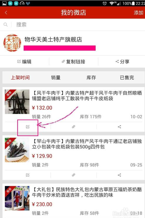 首先设置商品,如图所示,点击“编辑”这个图标进入。
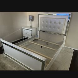 White upholstered bed frame with mirrored accents$100Sugar Land, TX
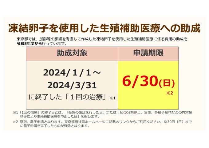 東京都では、加齢等の影響を考慮して作成した#凍結卵子を使用した生殖補助医療に係る費用の助成を令和5年度から行っています。令和6年1月1日から令和6年3月31日に終了した医療行為分については令和6年6月..

● **What the task asks**
The data above should be repeated exactly, minus any pictures.

● **Task response**
 首先设置商品,如图所示,点击“编辑”这个图标进入。
 White upholstered bed frame with mirrored accents$100Sugar Land, TX
 東京都では、加齢等の影響を考慮して作成した#凍結卵子を使用した生殖補助医療に係る費用の助成を令和5年度から行っています。令和6年1月1日から令和6年3月31日に終了した医療行為分については令和6年6月..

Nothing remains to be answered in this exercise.